Thursday, January 16, 2014
I Run Because She Can't
My new Nike+ band came today! I haven't used if enough tonight to give a fair review... So more to come. Instead, with a race just two days away, I put on my Care to Cure necklace, that I always wear during races, along with Huntingtons Disease blue Care to Cure band, it doesn't mean a thing to anyone else but it means something to me. I run, and I continue to run because of my Grandma Penny. She died at the age of 62 from Huntingtons Disease. Most everyone has never heard of it, and likely because you don't know a family riddled with it. Huntingtons Disease is a genetic disease, my maternal grandmother had it. There is a 50/50 chance that my mom has it, if she does have it, there is a 50/50 chance My sister or I could have it. If my mom does not have it, there is 0 chance my sister or I have it. If I had it, it would not mean my sister necessarily would, she's got her own 50/50 chance. The disease itself is much like a cross between early onset progressive dementia and Parkinson's. The earliest symptoms are often subtle problems with mood or cognition. A general lack of coordination and an unsteady gait often follows.

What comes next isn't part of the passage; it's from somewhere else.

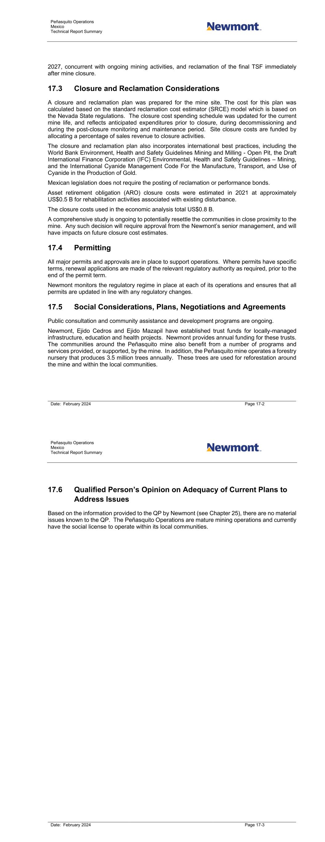 Peñasquito Operations Mexico Technical Report Summary Date: February 2024 Page 17-2 2027, concurrent with ongoing mining activities, and reclamation of the final TSF immediately after mine closure. 17.3 Closure and Reclamation Considerations A closure and reclamation plan was prepared for the mine site. The cost for this plan was calculated based on the standard reclamation cost estimator (SRCE) model which is based on the Nevada State regulations. The closure cost spending schedule was updated for the current mine life, and reflects anticipated expenditures prior to closure, during decommissioning and during the post-closure monitoring and maintenance period. Site closure costs are funded by allocating a percentage of sales revenue to closure activities. The closure and reclamation plan also incorporates international best practices, including the World Bank Environment, Health and Safety Guidelines Mining and Milling - Open Pit, the Draft International Finance Corporation (IFC) Environmental, Health and Safety Guidelines – Mining, and the International Cyanide Management Code For the Manufacture, Transport, and Use of Cyanide in the Production of Gold. Mexican legislation does not require the posting of reclamation or performance bonds. Asset retirement obligation (ARO) closure costs were estimated in 2021 at approximately US$0.5 B for rehabilitation activities associated with existing disturbance. The closure costs used in the economic analysis total US$0.8 B. A comprehensive study is ongoing to potentially resettle the communities in close proximity to the mine. Any such decision will require approval from the Newmont’s senior management, and will have impacts on future closure cost estimates. 17.4 Permitting All major permits and approvals are in place to support operations. Where permits have specific terms, renewal applications are made of the relevant regulatory authority as required, prior to the end of the permit term. Newmont monitors the regulatory regime in place at each of its operations and ensures that all permits are updated in line with any regulatory changes. 17.5 Social Considerations, Plans, Negotiations and Agreements Public consultation and community assistance and development programs are ongoing. Newmont, Ejido Cedros and Ejido Mazapil have established trust funds for locally-managed infrastructure, education and health projects. Newmont provides annual funding for these trusts. The communities around the Peñasquito mine also benefit from a number of programs and services provided, or supported, by the mine. In addition, the Peñasquito mine operates a forestry nursery that produces 3.5 million trees annually. These trees are used for reforestation around the mine and within the local communities. Peñasquito Operations Mexico Technical Report Summary Date: February 2024 Page 17-3 17.6 Qualified Person’s Opinion on Adequacy of Current Plans to Address Issues Based on the information provided to the QP by Newmont (see Chapter 25), there are no material issues known to the QP. The Peñasquito Operations are mature mining operations and currently have the social license to operate within its local communities.

As the disease advances, uncoordinated, jerky body movements become more apparent, along with a decline in mental abilities and behavioral and psychiatric problems. Physical abilities are gradually impeded until coordinated movement becomes very difficult. Mental abilities generally decline into dementia. Complications such as pneumonia, heart disease, and physical injury from falls reduce life expectancy to around twenty years after symptoms begin. My grandmother was diagnosed at 52. There is no cure and no treatment to slow progress, just treat symptoms. There is a test, to find out if you have the disease, but it's a very personal decision for everyone in my family. I have an aunt that has been tested, she does not carry the bad gene, therefore her daughter and two grandchildren do not have any risk of being a carrier. No one else in my family has been tested. When we were at the genetic counselor appointment just after her diagnosis I remember her saying, "the stronger and healthier you go into this disease the better off you are".